■ **EXERCISE GOAL**
Output a character-exact copy of the data, images removed.

Dataset records:
────

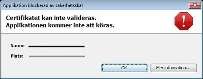 - Meddelande: Säkerhetsinställningarna har blockerat en applikation som har signerats med ett utgånget eller ännu inte giltigt certifikat från att köras
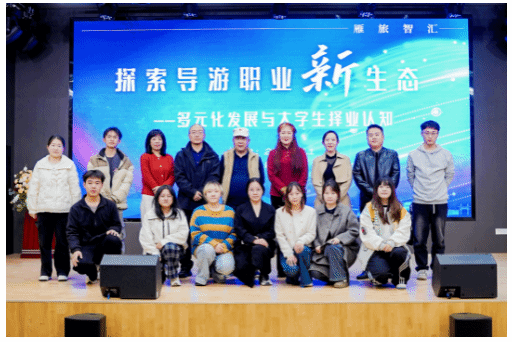 导游团队管理者、导游培训专家及青年新锐导游等嘉宾也分别从团队管理实践、职业技能提升、新生代导游成长路径等角度展开分享。西安海外金牌导游服务中心经理王佳结合10年导游团队管理经验,解析了数智化技术对导游工作模式的冲击与重构,提出“技术赋能+人文素养”的复合型人才培养理念;深耕导游培训领域25年的行业专家、高级导游宁磊则聚焦导游证考试与职业技能提升,为学生提供了针对性的备考建议与职业规划指导;青年高级导游李怡以自身从旅游管理专业学生到西安市金牌导游的成长轨迹,激励在场学子坚持专业追求,践行职业使命。
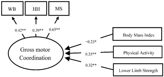 Regarding the models, for children with DCD, the models showed adequate adjustment indexes, and the BMI significantly and negatively affected motor coordination. In contrast, physical activity, lower limb strength, and perceived self-efficacy explained positively and significantly the gross motor coordination; the study hypothesis was confirmed. The model had to be respecified for children with TD, and self-efficacy was excluded. Therefore, BMI explained motor coordination negatively and significantly, whereas physical activity and lower limb strength explained the variability in gross motor coordination positively and significantly. The hypothesis was partially confirmed.
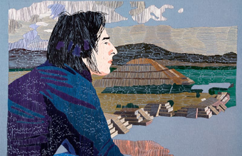 El trabajo de Arias atañe al tiempo y la memoria, al recuperar desde el pensamiento contemporáneo una práctica arcaica, como el bordado. Esta obra, dedicada a su hermano, se titula Claudio observando el futuro de la civilización, 2014. 60 x 80 cm.
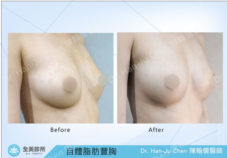 我當然把我的脂肪物盡其用一下,陳醫師幫我把我抽出來的脂肪補在我的胸部跟臉上,因為我的胸部真的有點兒小、臉又有點兒凹,讓我現在整個人看起來精神許多,且有種前凸後翹的感覺。
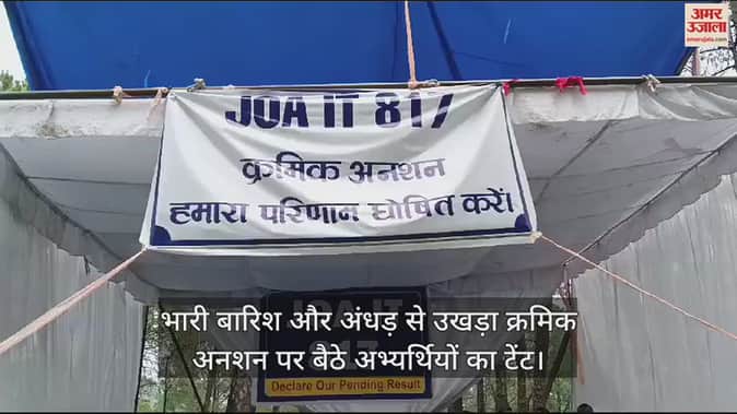VIDEO : भारी बारिश के बीच क्रमिक अनशन पर डटे अभ्यर्थी, टेंट उखड़ा
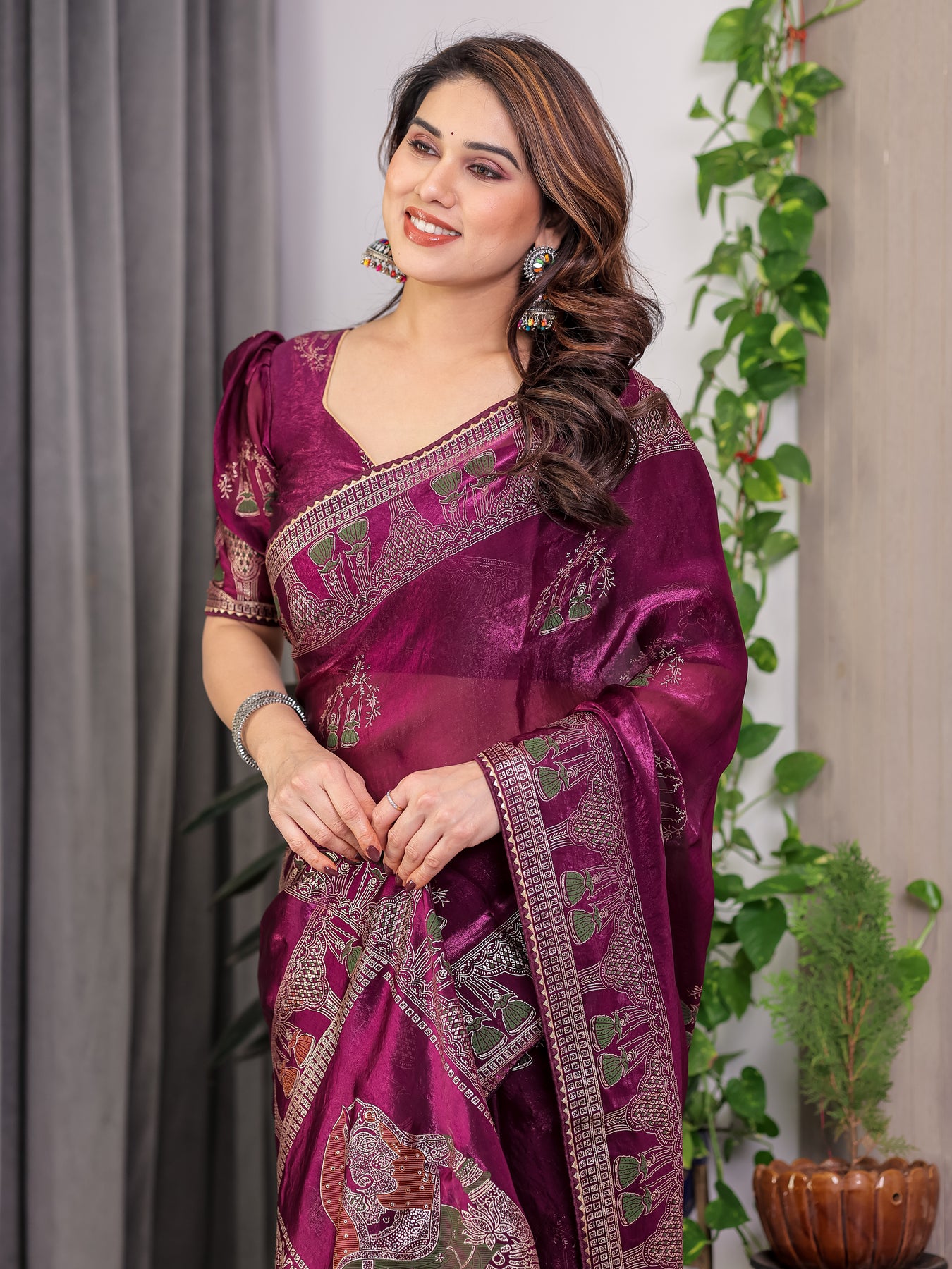 Pair with antique gold, kundan, or oxidised jewellery to complement the richness of the wine tone.

────

■ **OUTPUT OF THE EXERCISE**
 - Meddelande: Säkerhetsinställningarna har blockerat en applikation som har signerats med ett utgånget eller ännu inte giltigt certifikat från att köras
 导游团队管理者、导游培训专家及青年新锐导游等嘉宾也分别从团队管理实践、职业技能提升、新生代导游成长路径等角度展开分享。西安海外金牌导游服务中心经理王佳结合10年导游团队管理经验,解析了数智化技术对导游工作模式的冲击与重构,提出“技术赋能+人文素养”的复合型人才培养理念;深耕导游培训领域25年的行业专家、高级导游宁磊则聚焦导游证考试与职业技能提升,为学生提供了针对性的备考建议与职业规划指导;青年高级导游李怡以自身从旅游管理专业学生到西安市金牌导游的成长轨迹,激励在场学子坚持专业追求,践行职业使命。
 Regarding the models, for children with DCD, the models showed adequate adjustment indexes, and the BMI significantly and negatively affected motor coordination. In contrast, physical activity, lower limb strength, and perceived self-efficacy explained positively and significantly the gross motor coordination; the study hypothesis was confirmed. The model had to be respecified for children with TD, and self-efficacy was excluded. Therefore, BMI explained motor coordination negatively and significantly, whereas physical activity and lower limb strength explained the variability in gross motor coordination positively and significantly. The hypothesis was partially confirmed.
 El trabajo de Arias atañe al tiempo y la memoria, al recuperar desde el pensamiento contemporáneo una práctica arcaica, como el bordado. Esta obra, dedicada a su hermano, se titula Claudio observando el futuro de la civilización, 2014. 60 x 80 cm.
 我當然把我的脂肪物盡其用一下,陳醫師幫我把我抽出來的脂肪補在我的胸部跟臉上,因為我的胸部真的有點兒小、臉又有點兒凹,讓我現在整個人看起來精神許多,且有種前凸後翹的感覺。
VIDEO : भारी बारिश के बीच क्रमिक अनशन पर डटे अभ्यर्थी, टेंट उखड़ा
 Pair with antique gold, kundan, or oxidised jewellery to complement the richness of the wine tone.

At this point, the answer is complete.